Sharing my creative writing with others is a challenge to say the least.
The other day I was trying to pick a story to send to two strangers for their feedback. I had the hardest time emailing a copy of my work to them.
There's something personal about openly sharing your stories with someone else. To an extent, some of my blog posts are personal, and I don't have a problem posting those for the world to see. With creative writing however, I feel as though I'm exposing more of myself.
As I've said, these two are strangers. I think I'd be more comfortable with sharing if I knew them longer, trusted them more. I'm sure they're wonderful human beings. It's still tough to open up and feel vulnerable in front of people you hardly know.
If I had a penny for every times I've said I wanted to get better, I'd be one wealthy woman. Even though I do hope to improve, I'm not the best at asking for feedback. Ditto for applying any feedback I receive.

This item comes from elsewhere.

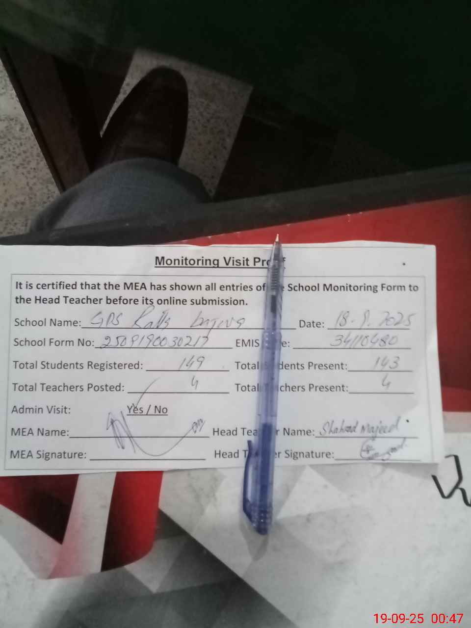 | Attendance Register | Head Teacher | MEA with School | Visit Proof |

I'm stubborn. Worse, I have a gigantic ego that loves to get in the way. On a good day, I'm able to shove it aside for the sake of my art.
Every time I've put my art first before my ego, the former benefits greatly.
I say the following not to brag, but to make it clear that I had a different, unusual path when I started out as a writer and blogger. I found success early on in both endeavours. In some ways, I was even more successful a few years ago than I have been recently.
So, for many reasons, my ego was inflated in high school. A part of me thought I always knew what was best, what was right.
Of course, that's not always the case.
Over time, my ego has taken a good beating.
I'm at a point now where I feel confident, not cocky in my abilities. After all, I've come a long way, but I still have plenty of room for improvement.
I can identify strengths and weaknesses in my own work. But having an outside perspective point out certain problems can make all the difference.
What I want to say ultimately boils down to these points:
Sharing your writing with strangers isn't easy. It can be a vulnerable experience. That's okay, though. So long as you don't let your ego stop you from improving your art in every way possible. And sometimes the best thing you can do is to put your ego aside and listen to others.
I think I've reaffirmed what I knew all along. Egos suck.